■ **Supplied records**:
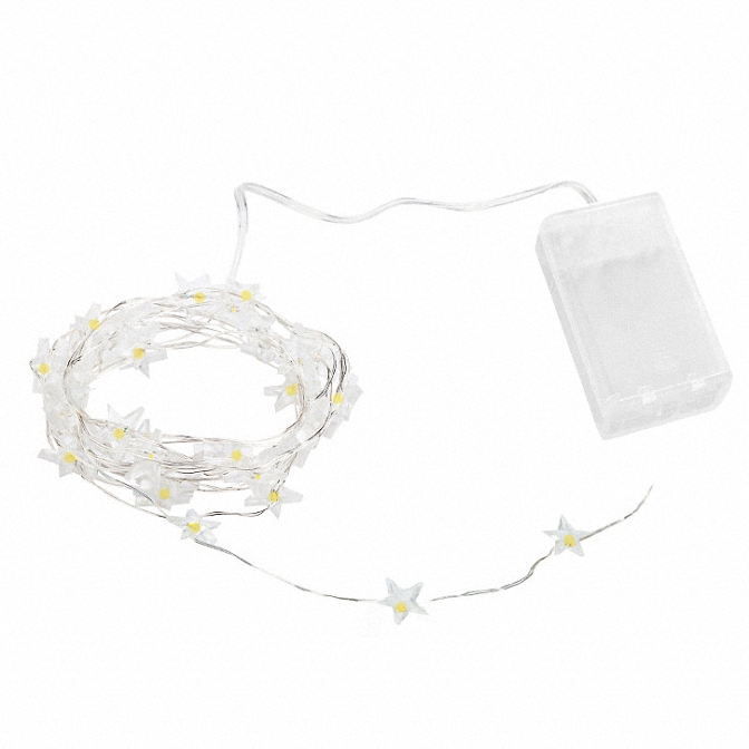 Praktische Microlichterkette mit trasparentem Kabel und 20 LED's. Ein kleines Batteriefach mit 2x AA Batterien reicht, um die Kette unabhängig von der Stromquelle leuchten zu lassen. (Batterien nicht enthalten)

==

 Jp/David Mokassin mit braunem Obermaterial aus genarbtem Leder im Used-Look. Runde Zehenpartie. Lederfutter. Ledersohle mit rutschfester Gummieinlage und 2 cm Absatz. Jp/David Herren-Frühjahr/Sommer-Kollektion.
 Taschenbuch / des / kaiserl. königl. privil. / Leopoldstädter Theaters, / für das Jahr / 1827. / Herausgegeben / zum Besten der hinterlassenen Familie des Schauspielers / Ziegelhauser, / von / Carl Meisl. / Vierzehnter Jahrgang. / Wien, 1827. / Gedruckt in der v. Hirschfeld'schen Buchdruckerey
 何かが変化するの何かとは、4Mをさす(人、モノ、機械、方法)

==

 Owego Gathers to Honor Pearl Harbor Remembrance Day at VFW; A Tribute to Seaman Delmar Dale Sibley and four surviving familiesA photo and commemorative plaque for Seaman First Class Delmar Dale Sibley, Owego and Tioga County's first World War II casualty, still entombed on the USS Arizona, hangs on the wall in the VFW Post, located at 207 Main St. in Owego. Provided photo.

■ **Instructions for the task**:
Output the lines above between the one holding "Taschenbuch / des" and the one holding "何かが変化するの何かとは、4Mをさす(人、モノ、機械、方法)", inclusive, with nothing before or after them.

■ **Result for this exercise**:
 Taschenbuch / des / kaiserl. königl. privil. / Leopoldstädter Theaters, / für das Jahr / 1827. / Herausgegeben / zum Besten der hinterlassenen Familie des Schauspielers / Ziegelhauser, / von / Carl Meisl. / Vierzehnter Jahrgang. / Wien, 1827. / Gedruckt in der v. Hirschfeld'schen Buchdruckerey
 何かが変化するの何かとは、4Mをさす(人、モノ、機械、方法)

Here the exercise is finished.